"Wenn Steine reden könnten"

PRÜM/FERSCHWEILER. Volkssport Wandern: Tausende sind am Wochenende in die Eifel gekommen, um zum 106. Deutschen Wandertag die Region zu erkunden. Der TV hat eine Gruppe bei ihrer abwechslungsreichen Exkursion auf dem Ferschweiler Plateau in der Südeifel begleitet.

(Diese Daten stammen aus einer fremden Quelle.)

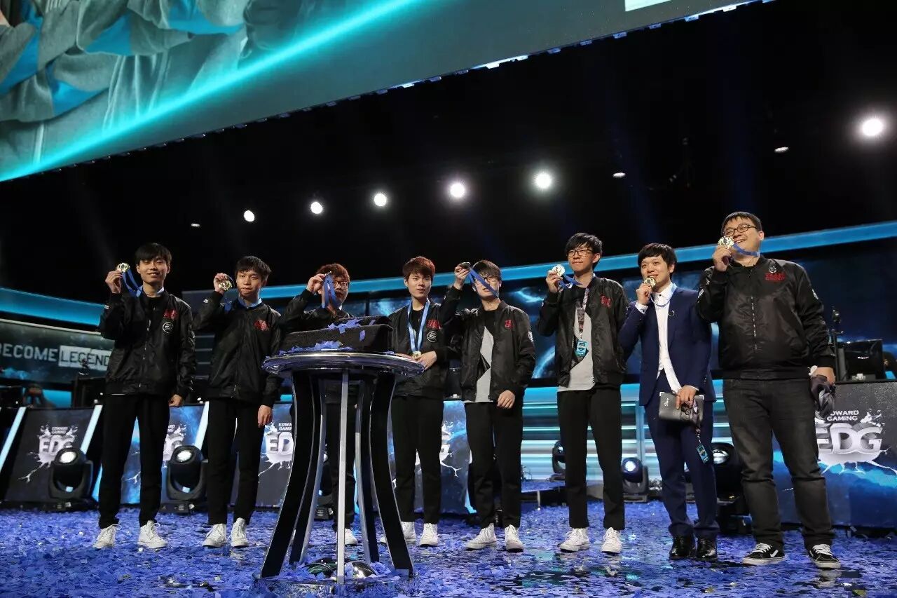 另一个是2015年的MSI季中邀请赛,EDG前中单选手U(上图右3)作为替补随队来到比赛现场,在没有出场一次的情况下获得了生涯第一个,也是唯一一个世界冠军。

Ein Friedhof mitten im Wald: Vereinzelt blinzelt Sonnenlicht durch das dichte Blätterdach. Wuchtige Felsbrocken, einige davon mit eingemeißelten Ornamenten verziert, liegen im Schatten. "Hier sind vor sehr langer Zeit wahrscheinlich Tote verbrannt worden", sagt Wanderführer Arnold Schramen und deutet auf eine in Stein gehauene Mulde, in der man sich gut einen Menschen vorstellen kann. Auf rund 1800 Jahre werde das Alter der keltischen Kultstätte - unweit des Eifelorts Ferschweiler - geschätzt. "Wenn Steine reden könnten", sinniert Waldemar Wagner, ein alter Wanderveteran, der extra aus dem Saarländischen Schaffhausen angereist ist, um dabei zu sein. Auf den Spuren römischer Vergangenheit

Vor einer Stunde ist die achtköpfige Gruppe in Ferschweiler aufgebrochen. Jetzt geht es auf gut ausgebauten Forstwegen durch prächtige Mischwälder weiter. Die Temperatur ist trotz strahlend blauem Himmel und sengender Sonne angenehm - der Wald mit seinem Blätterdach hat die Wirkung einer überdimensionalen Klimaanlage. Der 75-jährige Schramen fühlt sich hier richtig wohl. Im Wald kenne er sich aus, schließlich sei er im Berufsleben Forstarbeiter gewesen, so der Wanderführer, der sich seit über zehn Jahren aktiv im Eifelverein engagiert. Die Gruppe ist am nächsten Ziel angelangt: Ein drei Meter hoher und von Moos überwucherter Felsquader - das Diana-Denkmal aus der Zeit 600 nach Christus. Doch von der römische Jagdgöttin sieht man nichts. Wahrscheinlich wurde die Statue vom Sockel geschlagen, als das Christentum die heidnische Götterverehrung in der Region ablöste, mutmaßt Schramen. Eine auf dem Felssockel in Stein gemeißelte Inschrift verrät mehr über den Ursprung des Denkmals: Hier steht in lateinischen Lettern, dass Quintus Postumius das Denkmal errichtet habe, um Diana ein Versprechen zu erfüllen. "Der Römer hat wohl besonderen Erfolg bei der Jagd gehabt", erklärt Schramen. Rehe, Hirsche, Füchse und Hasen, vor allem aber Wildschweine gebe es heute in der Region. "Letztere nehmen langsam sogar Überhand", sagt der Wanderführer beim Weitergehen. Nach einiger Zeit öffnet sich plötzlich der Wald und die Wanderer erblicken einen wunderschön im Hang liegenden Park - Schloss Weilerbach ist erreicht. Hohe Felswände türmen sich am Wegesrand

Dort trifft die Gruppe Dagmar Lübeck. Die Frau trägt einen schicken, beigefarbenen Hosenanzug und steht vor einem lichtdurchfluteten, mit Blumen festlich hergerichteten Pavillon. Sie muss gleich arbeiten - als Standesbeamtin der Stadt Irrel. Es ist ihre dritte Trauung heute. Doch lässt sie es sich nicht nehmen, den Wandersleuten im Pavillon einen hinter zwei unscheinbaren weißen Türen verborgenen Gang zu zeigen. "Eine Legende besagt, dass es vom Schloss einen drei Kilometer langen unterirdischen Gang bis zur Abtei Echternach gibt", berichtet Lübeck. Am liebsten würde die Gruppe auf Entdeckungstour gehen, aber das Brautpaar ist im Anmarsch. Nach einer kurzen Rast mit kühlem Bier in der Schlossschenke geht es nochmal steil bergan zum letzten Abschnitt der Wanderung: dem Ferschweiler Felsenpfad. Links und rechts des engen Weges türmen sich meterhohe Felswände - ein Paradies für Kletterer. Nach rund 15 Kilometern und mehr als fünf Stunden erreicht die Gruppe wieder ihren Ausgangspunkt: Den Eifelort Ferschweiler. Andreas Werle aus Wattenheim (Pfalz), der mit seinen beiden elf und acht Jahre alten Söhnen dabei war, ist begeistert: "So kann man seinen Kindern fernab von Computer und Schule die Wirklichkeit zeigen."